Open Source Document Management System | OpenKM

PostPosted:**Sat Oct 22, 2011 4:35 pm**

Curiously on error appearing com.openkm.extractor.CuneiformTextExtractor but you've got tesseract configured.

Which OpenKM version are you using ?

PostPosted:**Fri Nov 04, 2011 6:01 am**

Sorry, I didn't see your post; it was on the next page.

I'm using Version: 5.1.8-SNAPSHOT (build: 7221)

PostPosted:**Fri Nov 04, 2011 4:48 pm**

upgrade to latest integration.openkm.com

PostPosted:**Thu Nov 10, 2011 7:06 am**

Upgraded and it doesn't throw an error now (except on the preview) but I don't think it is OCRing. I'll leave it for a day or so and see if it gets around to it...

Speaking of that, what does OpenKM do at midnight everynight?

PostPosted:**Thu Nov 10, 2011 7:52 am**

At migdnight we build latest svn code. 5.1.x version will be next 5.1.8 and covers all bug modifications we've found in 5.1.7, really it's 5.1.7 with solved bugs, on that version we don't introduce new features. Meanwhile we waiting for release 5.1.8 you can starting using nightly build that solutions problems from actual release 5.1.7 ( that's the idea ).

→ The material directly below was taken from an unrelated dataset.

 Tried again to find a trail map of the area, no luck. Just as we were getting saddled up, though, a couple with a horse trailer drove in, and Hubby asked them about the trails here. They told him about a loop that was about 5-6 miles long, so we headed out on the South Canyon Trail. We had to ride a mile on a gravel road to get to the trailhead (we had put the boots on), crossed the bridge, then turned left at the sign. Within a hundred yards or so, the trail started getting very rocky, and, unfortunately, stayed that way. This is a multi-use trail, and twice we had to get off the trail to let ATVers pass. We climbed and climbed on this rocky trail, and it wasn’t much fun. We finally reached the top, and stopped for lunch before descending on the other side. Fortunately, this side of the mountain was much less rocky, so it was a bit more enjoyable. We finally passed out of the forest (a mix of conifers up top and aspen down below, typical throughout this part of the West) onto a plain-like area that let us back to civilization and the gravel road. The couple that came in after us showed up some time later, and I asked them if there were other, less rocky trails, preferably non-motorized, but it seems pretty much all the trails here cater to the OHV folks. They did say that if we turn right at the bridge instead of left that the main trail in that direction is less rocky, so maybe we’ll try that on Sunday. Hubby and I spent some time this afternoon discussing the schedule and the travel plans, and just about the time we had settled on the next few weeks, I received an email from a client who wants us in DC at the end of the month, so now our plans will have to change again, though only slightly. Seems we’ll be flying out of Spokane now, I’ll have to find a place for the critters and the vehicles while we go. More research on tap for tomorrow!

PostPosted:**Sat Nov 12, 2011 4:58 am**

Sorry, I didn't make that clear. On my server, at midnight every night, it spins up the HDD's and does something where it looks like it reads words or perhaps it is doing some kind of cron task?

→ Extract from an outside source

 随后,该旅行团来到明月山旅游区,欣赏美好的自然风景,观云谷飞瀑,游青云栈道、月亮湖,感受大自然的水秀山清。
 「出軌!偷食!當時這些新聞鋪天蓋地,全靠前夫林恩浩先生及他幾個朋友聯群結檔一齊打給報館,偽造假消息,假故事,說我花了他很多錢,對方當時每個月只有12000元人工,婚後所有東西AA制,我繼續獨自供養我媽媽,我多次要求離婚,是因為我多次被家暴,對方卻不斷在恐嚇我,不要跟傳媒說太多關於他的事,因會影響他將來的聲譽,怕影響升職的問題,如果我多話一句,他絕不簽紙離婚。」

Any idea when 5.1.8 is coming out? I'll keep upgrading to the latest svn code once a week till it comes out.

PostPosted:**Sat Nov 12, 2011 9:37 am**

Version 5.1.8 is really closed, but we've not found time to release it ( that's the actual problem ), hope on next week will doing it.

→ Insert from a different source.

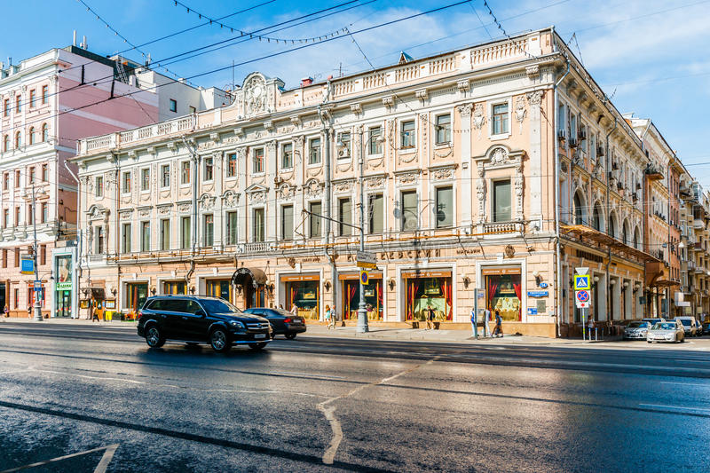 Grigory Grigorievich Eliseev, un commerçant, a déjà décidé d'ouvrir de grands magasins proposant des produits gastronomiques coloniaux à Moscou et à Saint-Pétersbourg. Le manoir de Moscou acquis a été martelé avec des échafaudages en bois, ce qui, en fait, n'était pas pratiqué, et a entrepris une révision majeure et une reconstruction.

About nightly OpenKM operation, we've got some internal procedure to calculate statistics, probably that's the feature you're detecting, if it's a problem tell us and we'll study some solution.

PostPosted:**Tue Nov 15, 2011 9:17 am**

Nah, not a problem at all. Just noticed and wondered what it did. Thanks for the answer

PostPosted:**Tue Jan 17, 2012 7:09 am**

Has anyone actually managed to get OCR working in their instance of OpenKM? I got sick of fighting with it and took a break for a while, but I'm back and I thought the new version might have helped. Still fighting with errors though, and I'm at a loss.

If someone has managed to get an instance of OpenKM working, could you please give me the details of the install so I can attempt to replicate it?

PostPosted:**Thu Jan 19, 2012 11:05 am**

You should talk about your scenario, OS, OpenKM version, your actual configuration parameters and which OCR are you trying to configure.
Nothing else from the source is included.